Recent advances in medicine, technology, and pharmacology are helping healthcare professionals to diagnose and treat this condition. Although a cure for narcolepsy has not yet been found, most people with the disorder can lead nearly normal lives under proper treatment.

Source: The American Academy of Sleep Medicine

RESTLESS LEGS SYNDROME
Restless Legs Syndrome (RLS) is a neurological condition that is characterized by the irresistible urge to move the legs. In order for you to be officially diagnosed with RLS, you must meet the criteria described below:

You have a strong urge to move your legs which you may not be able to resist. The need to move is often accompanied by uncomfortable sensations. Some words used to describe these sensations include: creeping, itching, pulling, creepy-crawly, tugging, or gnawing.

RLS symptoms start or become worse when you are resting. The longer you are resting, the greater the chance the symptoms will occur and the more severe they are likely to be.
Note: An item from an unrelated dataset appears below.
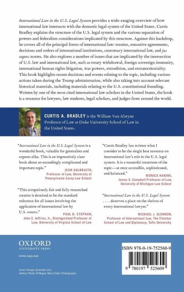 International Law in the U.S. Legal System provides a wide-ranging overview of how international law intersects with the domestic legal system of the United States, and points out various unresolved issues and areas of controversy. Curtis Bradley explains the structure of the U.S. legal system and the various separation of powers and federalism considerations implicated by this structure, especially as these considerations relate to the conduct of foreign affairs. Against this backdrop, he covers all of the principal forms of international law: treaties, executive agreements, decisions and orders of international institutions, customary international law, and jus cogens norms. He also explores a number of issues that are implicated by the intersection of U.S. law and international law, such as treaty withdrawal, foreign sovereign immunity, international human rights litigation, war powers, extradition, and extraterritoriality. This book highlights recent decisions and events relating to the topic, including various actions taken during the Trump administration, while also taking into account relevant historical materials, including materials relating to the U.S. Constitutional founding. Written by one of the most cited international law scholars in the United States, the book is a resource for lawyers, law students, legal scholars, and judges from around the world.

RLS symptoms get better when you move your legs. The relief can be complete or only partial but generally starts very soon after starting an activity. Relief persists as long as the motor activity continues.

RLS symptoms are worse in the evening especially when you are lying down. Activities that bother you at night do not bother you during the day.

RLS can also cause difficulty in falling or staying asleep which can be one of the chief complaints of the syndrome. A substantial number of people who have RLS also have periodic limb movements of sleep (PLMS). These are jerks that occur every 20 to 30 seconds on and off throughout the night. This can cause partial awakenings that disrupt sleep. Sleep deprivation can seriously impact your work, relationships, and health.